> Task:
Skip any pictures. Repeat the data exactly, from its first line through the line that holds "Bengal podle Vertus", both included.

━━━━━━━━

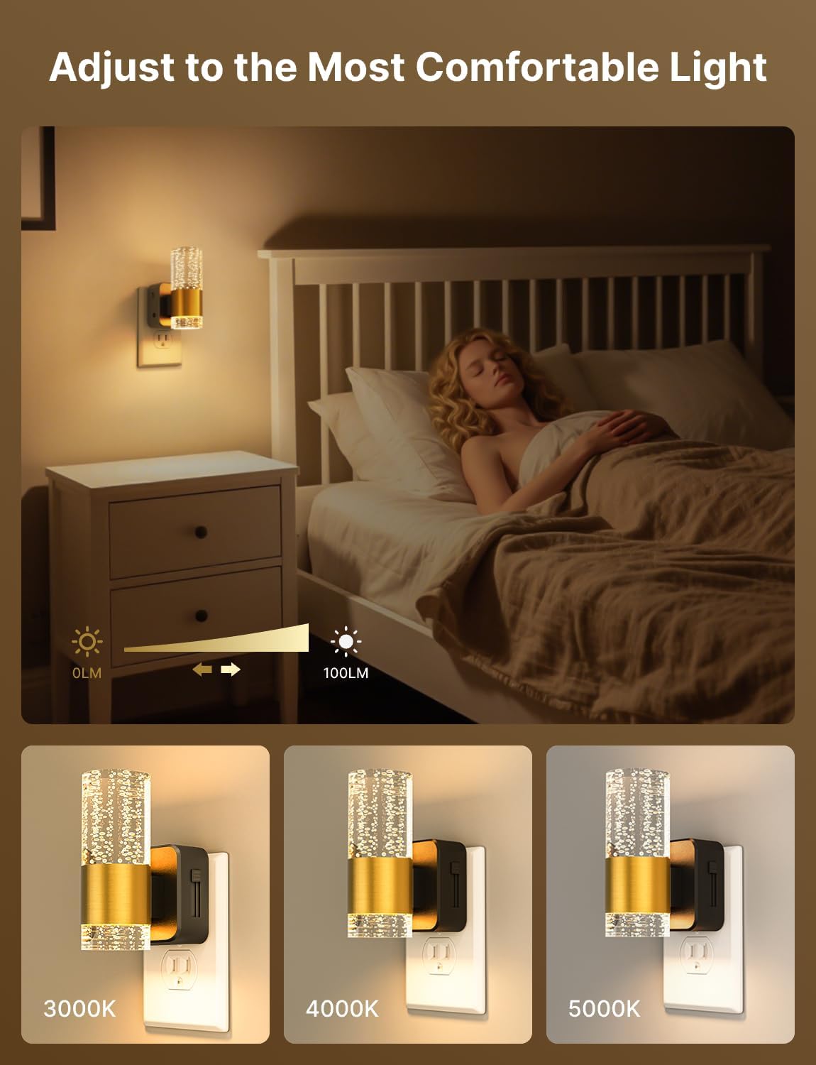 Slide the side dimmer to fine-tune the light level — soft enough for sleep, bright enough for safety.
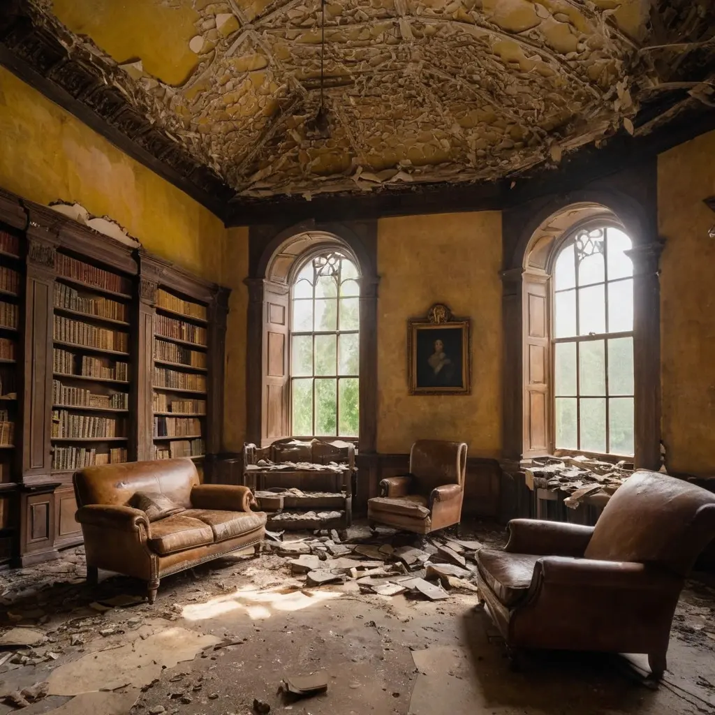 Tucked away behind a heavy oak door lies the library, perhaps the most mesmerizing room in the entire haunted mansion. Rows upon rows of forgotten books still cling to the walls, their spines whispering names long erased by time. The air is thick with the scent of leather, dust, and secrets.
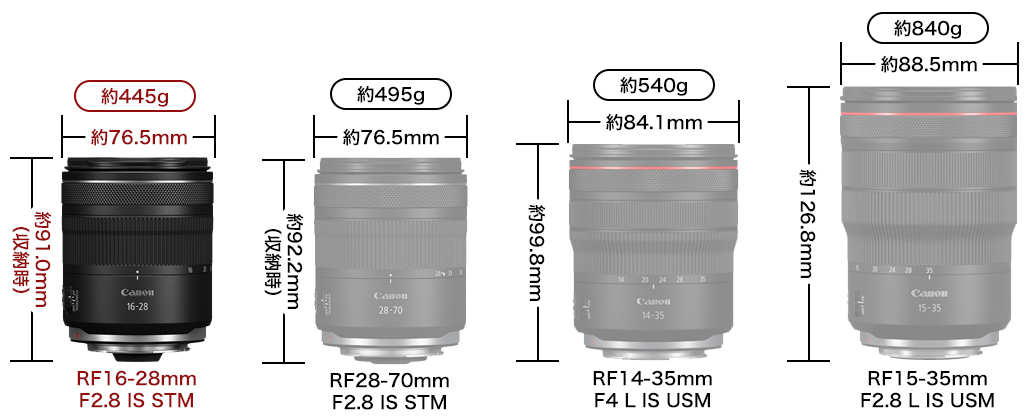 大口径F2.8通しのズームレンズシリーズの、RF28-70mm F2.8 IS STMとほぼ同等の大きさと重さを実現。
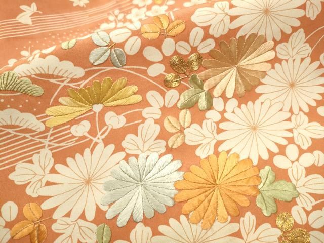 平和屋着物 夏物 アンティーク 大正ロマン 丸帯 檜扇草花文 金銀糸 正絹 DAAW4506cm
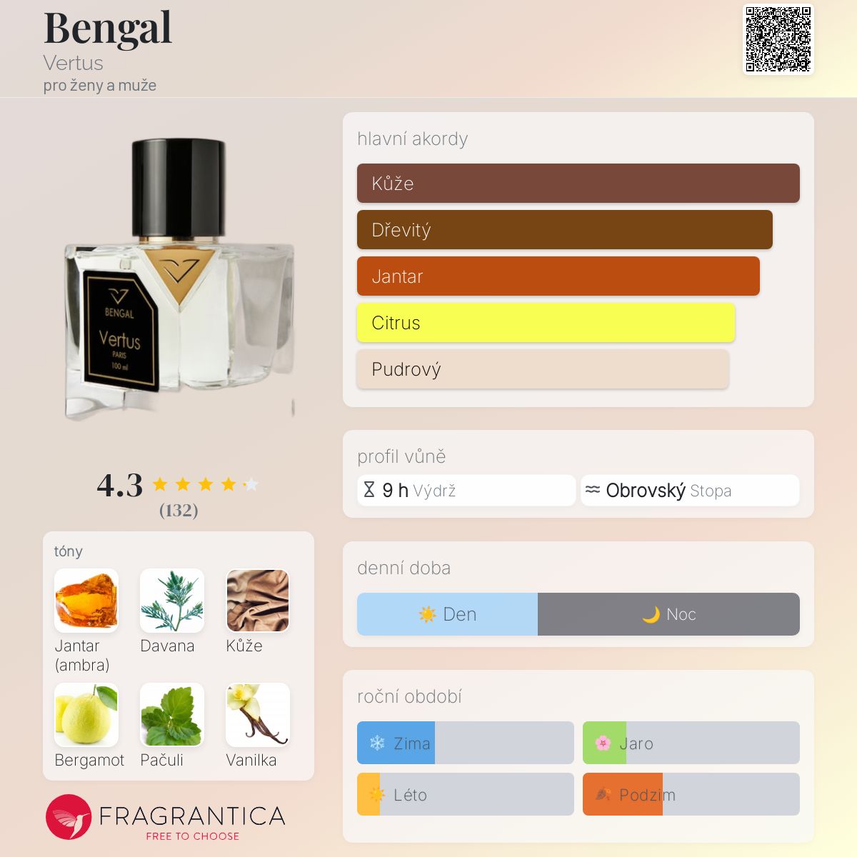 Bengal podle Vertus je Leather vůně pro ženy a muže. Bengal byl/a uveden/a v roce 2023. Vrchní tóny jsou Davana, Bergamot a Zázvor; střední tóny jsouKůže, Pačuli a Růže ; základní tóny jsou Jantar (ambra), Vanilka, Semiš a Santalové dřevo.
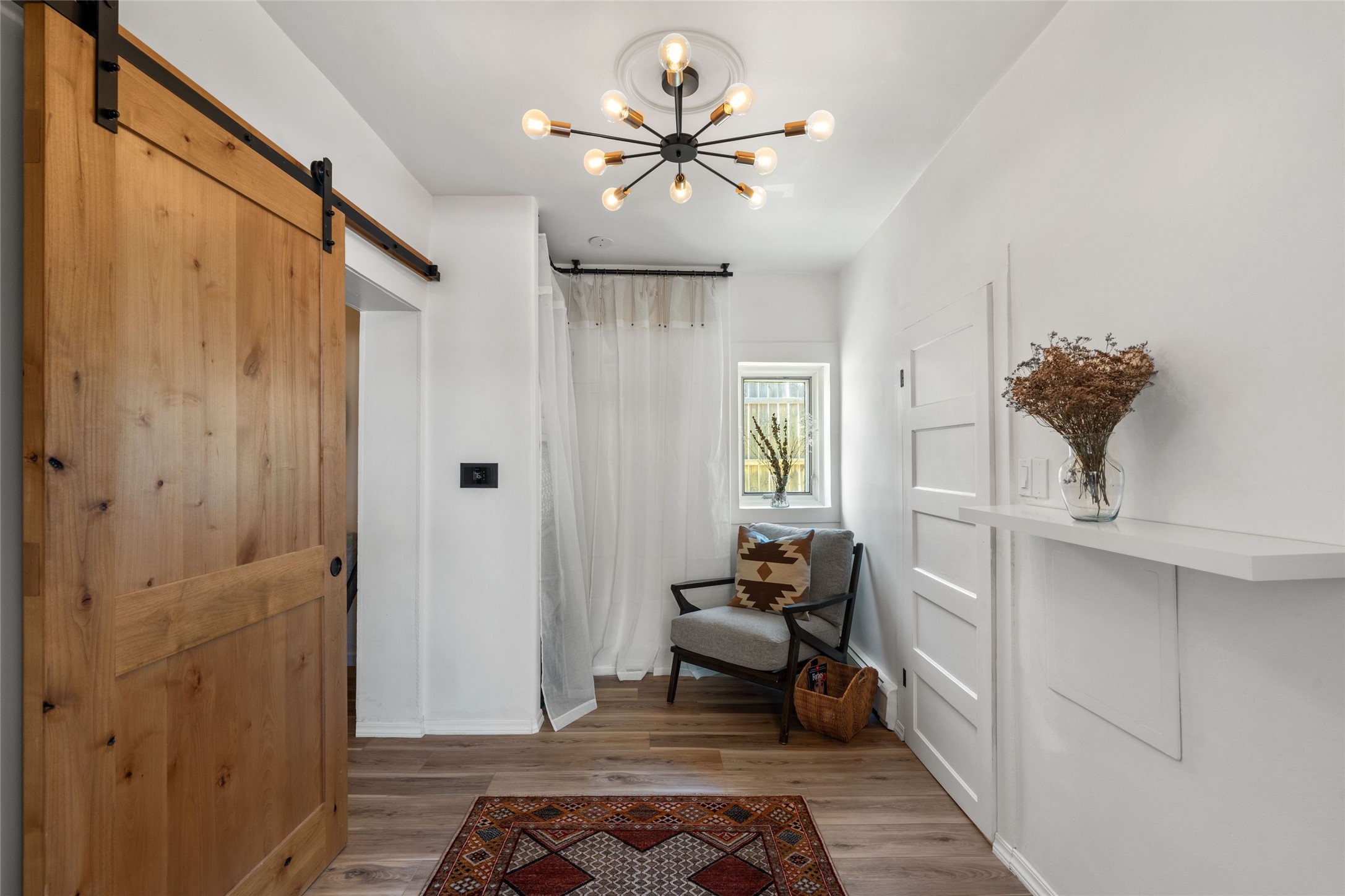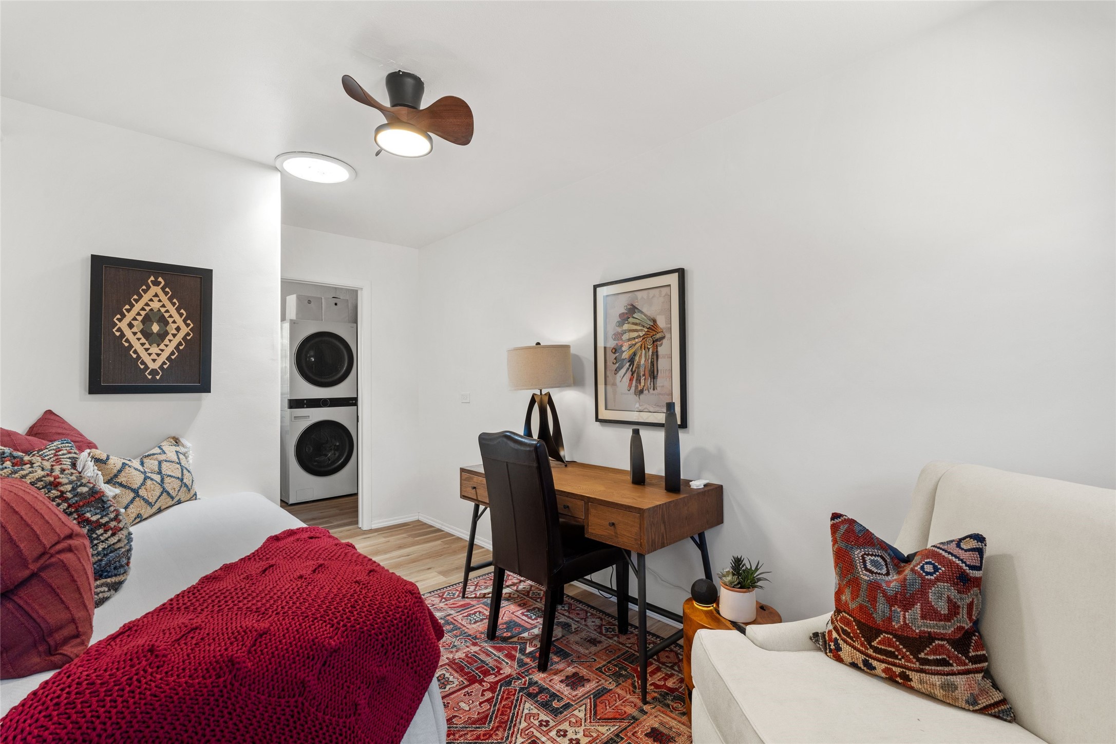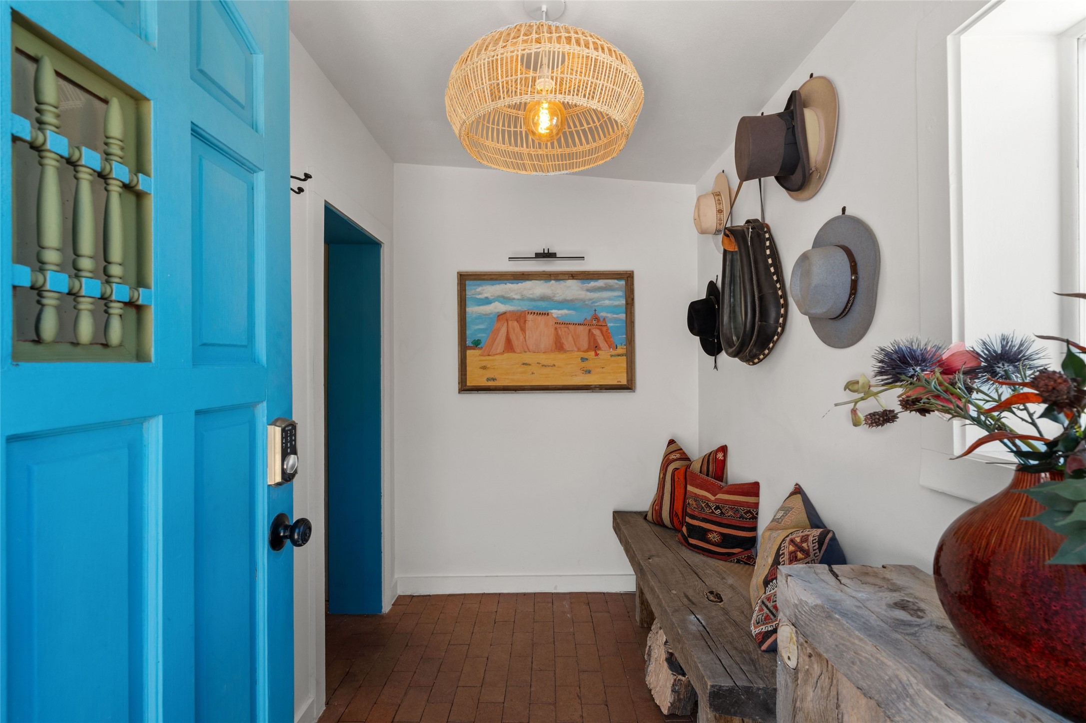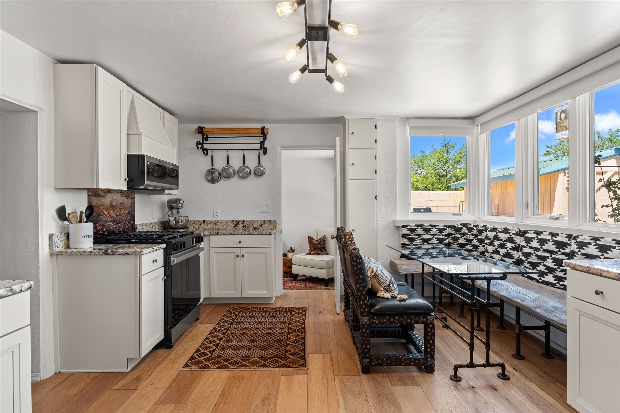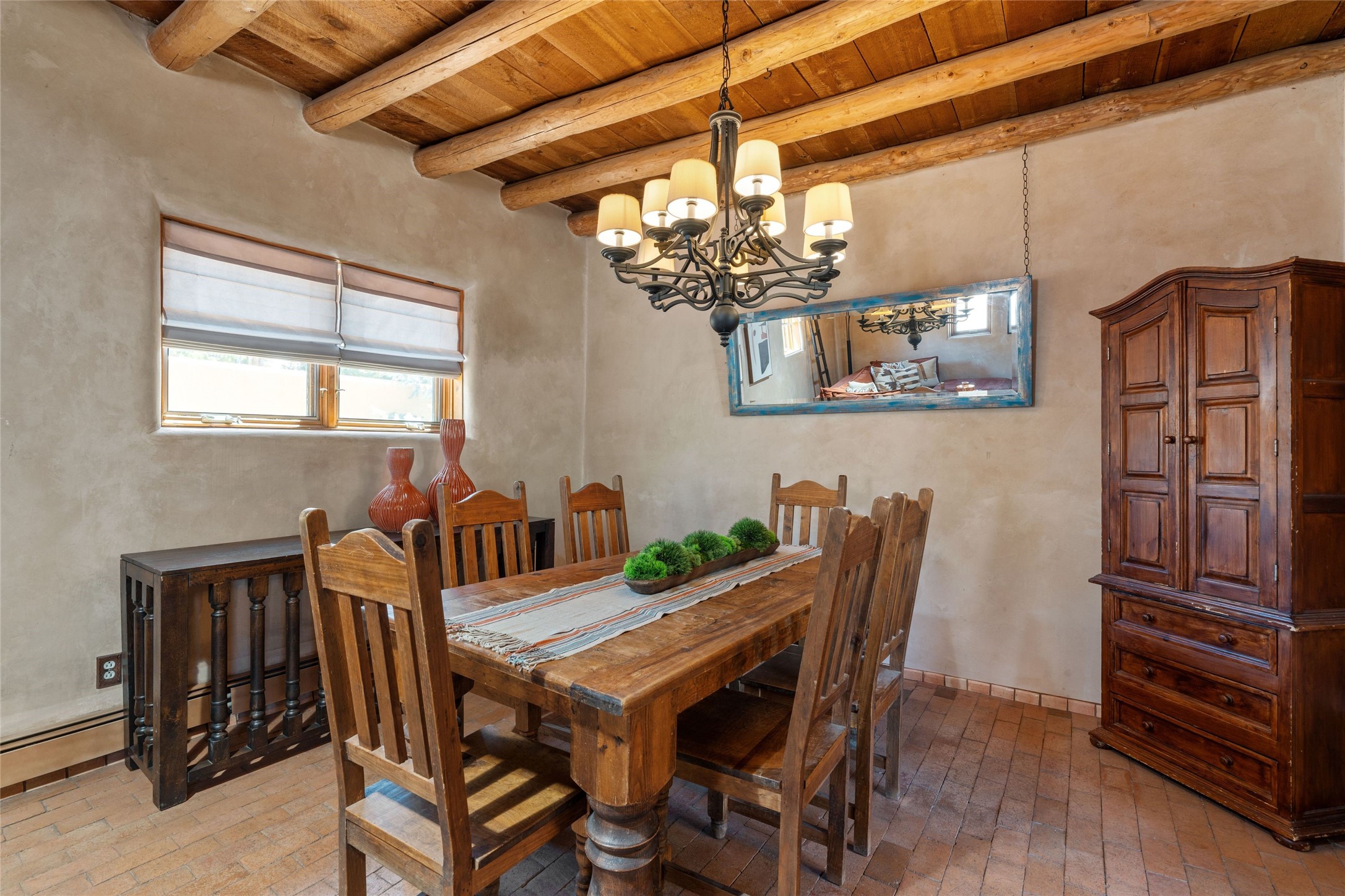 A Rare Gem in the Heart of the Railyard District. Nestled in one of Santa Fe's most coveted locations, this charming adobe home places you just steps from the vibrant Santa Fe Farmers Market and all the cultural delights of the Railyard and downtown. This beautifully maintained two-bedroom, two-bathroom residence exudes authentic Santa Fe character, featuring classic brick floors, a wood-burning kiva fireplace, and traditional vigas in the light-filled living room. Behind a private gate, a lush courtyard welcomes you with a thriving nectarine tree and two inviting sitting areas--an ideal retreat for morning coffee or evening relaxation. Step inside to discover a thoughtfully upgraded interior that blends timeless design with modern comforts. Originally built circa 1946, this adobe treasure has been lovingly enhanced to reflect beauty, warmth, and elegance throughout. Additional features include off-street parking and a versatile storage shed. Don't miss this enchanting property in an unbeatable location--schedule your private showing today.

━━━━━━━━

> Expected output:
 Slide the side dimmer to fine-tune the light level — soft enough for sleep, bright enough for safety.
 Tucked away behind a heavy oak door lies the library, perhaps the most mesmerizing room in the entire haunted mansion. Rows upon rows of forgotten books still cling to the walls, their spines whispering names long erased by time. The air is thick with the scent of leather, dust, and secrets.
 大口径F2.8通しのズームレンズシリーズの、RF28-70mm F2.8 IS STMとほぼ同等の大きさと重さを実現。
 平和屋着物 夏物 アンティーク 大正ロマン 丸帯 檜扇草花文 金銀糸 正絹 DAAW4506cm
 Bengal podle Vertus je Leather vůně pro ženy a muže. Bengal byl/a uveden/a v roce 2023. Vrchní tóny jsou Davana, Bergamot a Zázvor; střední tóny jsouKůže, Pačuli a Růže ; základní tóny jsou Jantar (ambra), Vanilka, Semiš a Santalové dřevo.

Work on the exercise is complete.